Examples (by original publisher name):
- AEG: The D10-based system used for Legend of the Five Rings and 7th Sea. Both used the same basic die-rolling mechanic but were otherwise quite different.
- Chaosium: The Basic Roleplaying system is an interesting case: Chaosium mutated the original RuneQuest into a half-dozen systems with the same core mechanics (percentile skills and the same seven stats, more or less), and collected most of the variations into one system with numerous options.
- Except for Pendragon, which changed too radically.
- Mongoose's version of RuneQuest is just different enough from Chaosium's system to avoid lawsuits, but thanks to the first edition's Open Game License became the basis for other variations, mostly fan-made.
- Dream Pod 9 developed their own house system called Silhouette, particularly suited for their Mecha games like Heavy Gear and Jovian Chronicles.
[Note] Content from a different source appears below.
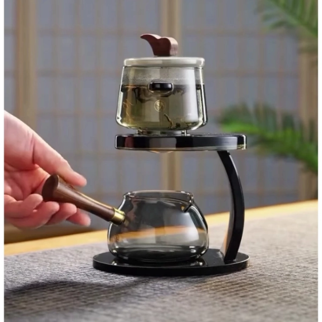 OTOMATİK BİTKİ ÇAYI DEMLİĞİÜrün ÖzellikleriŞık ve işlevsel tasarımıyla dikkat çeken Otomatik Bitki Çayı Demliği, doğal bitki ve yaprak çaylarını pratik bir şekilde demlemek için özel olarak tasarlanmıştır. Dayanıklı ve yüksek kaliteli cam malzemeden üretilmiş olan bu demlik seti, sıcaklığa karşı dirençli yapısıyla uzun ömürlü kullanım sağlar.Üst kısmında yer alan demlik, çay yapraklarının aromasını ve rengini ideal şekilde ortaya çıkarır. Çevirme mekanizması sayesinde demlik ters çevrildiğinde, demlenen çay otomatik olarak alt cezveye akar. Bu sistem, damlatmadan ve taşırmadan kolay bir kullanım sağlar. Alt kısımda bulunan cezve, şeffaf cam yapısıyla çayın yoğunluğunu gözlemlemenize olanak tanır.Modern metal standı, ürüne estetik bir görünüm kazandırırken kullanım kolaylığı sağlar. Ahşap detaylara sahip ergonomik sap tasarımı, sıcaklık geçişini engelleyerek güvenli bir tutuş sunar. Hem evde hem ofiste, özellikle bitki çayı severler için ideal bir seçimdir.Paket İçeriği1 adet Otomatik Bitki Çayı Demliği

- Eden Games: The Unisystem.
- Fantasy Flight Games: The d10 system of Warhammer Fantasy Roleplay and similar games in settings from Games Workshop was this until their license expired. Nowadays it's Genesys, created for the Star Wars: Roleplaying Game and also used for their version of Legend of the Five Rings.
- Game Designers Workshop: The rule system from Twilight: 2000 second edition became their house system, used in Traveller: The New Era, Cadillacs and Dinosaurs, and Dark Conspiracy.
- Green Ronin: The AGE System, originally developed as Fantasy AGE for use with Dragon Age, was also adapted for modern day (called Modern AGE) and used in games based on The Expanse and Lazarus (2013).
- Guardians of Order / Dyskami Publishing: The Tri-Stat System, used for Big Eyes, Small Mouth and Silver Age Sentinels among others.
- Hero Games: The Hero System is a textbook example of a single game (Champions) evolving into a House System (as used in the original editions of Star Hero, Fantasy Hero, Justice, Inc., Danger International, and Robot Warriors), and then back into a single Universal System game. Most of the older side games were revived during the 5th edition era as genre-advice sourcebooks.
- Magpie Games is an interesting case, as almost all games they've ever published have been Powered by the Apocalypse: Avatar Legends, Masks, Urban Shadows, etc. Unlike most examples, PbtA was not developed in-house, but rather spun off spontaneously from lumpley games' 2010 Apocalypse World. Because lumpley has adopted an extremely hands-off approach to their own system, Magpie has since emerged as the de facto "House of PbtA" instead.
- Margaret Weis Productions: The Cortex and Cortex Plus systems were used for several licensed games, including Battlestar Galactica (2003), Firefly, Supernatural, Leverage, Smallville, and more. A separate Cortex rulebook was also released, making this a Universal System as well.
- Modiphius Entertainment uses the 2d20 System as a house system for licensed games based on works as diverse as Conan the Barbarian, Dune, Fallout, John Carter of Mars, and Star Trek.
- Monte Cook Games: The Cypher System began as a house system for Numenera and The Strange, before being expanded into a full Universal System.
- Palladium Books: The Palladium or "Megaversal" system.
- Pelgrane Press: The GUMSHOE system is Pelgrane's house system, but has expanded into use by other publishers as well.
- R. Talsorian Games:
- Sanguine Games: The Cardinal System developed for Ironclaw and modified heavily for Myriad Song and Urban Jungle.
- West End Games:
- The d6 system, which was initially used for Star Wars and Ghostbusters before being expanded into a Universal System.
- The Masterbook system, based off of TORG and used largely for licensed games, although a Universal System core book was published. Several later supplements were printed as dual-stat for d6 and Masterbook.
- White Wolf has several:
- The Storyteller system, used for the Old World of Darkness games.
- Followed by their Storytelling system, where each game refers back to the core system in a single book (Chronicles of Darkness).
- Wizards of the Coast: The d20 System was used as a house system (for, for example, Star Wars d20, d20 Modern, and Gamma World) in addition to its use by other publishers as a Universal System.